I come now to the debt of India in 1856–7. The debt in India was £55,546,650, and in England £3,894,400—total £59,441,050; but in 1870–1 the debt has increased in India to £85,563,694, and in England to £40,106,083—total £125,669,777, an increase of £66,228,727 in 12 years, or 111.5 per cent; the interest of which the Indian taxpayer has to pay, and ultimately the principal! The distasteful subject of opium I will not enlarge upon; it will be sufficient to say that the profit derived from it has risen from £4,689,750 in 1856–7, under the Company, to £8,022,500 in 1870–1, under the Crown. The assessed taxes in the last three years, from 1868–9 to 1870–1, have risen from £508,700 to £1,989,600, or 291 per cent; but this, I presume, must include the recently imposed income tax. There are other items of taxation and receipt which would admit of comparison; but the above figures suffice to show the pressure of taxation under the Company and the Crown.

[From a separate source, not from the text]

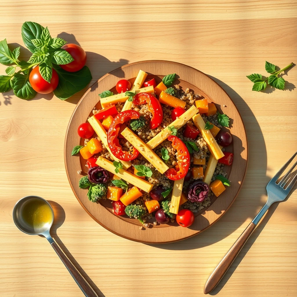 Servir la ensalada tibia inmediatamente. Opcionalmente, decorar con semillas de calabaza tostadas para un toque crujiente.

No doubt, owing to the increased demand for employment arising from public works, the formation of railways, and other demands, wages have risen, from 6s. or 7s. a month without food, to a considerably higher rate; but the proportionally increased cost of the necessaries of life neutralizes the advantage of increased wages, and the physical and social status of the people is not ameliorated. Sir, under the preceding detailed facts, it would be equally impolitic, unjust, and unsafe—I repeat, unsafe—with these facts before us, of increased pressure of taxation upon the 148,000,000 of taxpayers under the British Government, particularly with respect to the cruel salt tax and the hateful income tax, that the people of England should be permitted to live in a fool's paradise, believing that the Government of the Crown, in supersession of that of the East India Company, is one which has either ameliorated the condition of the people, or is promoting their contentment and loyalty.

After a few words from Mr. GRANT DUFF

, in reply,

Question put, and agreed to.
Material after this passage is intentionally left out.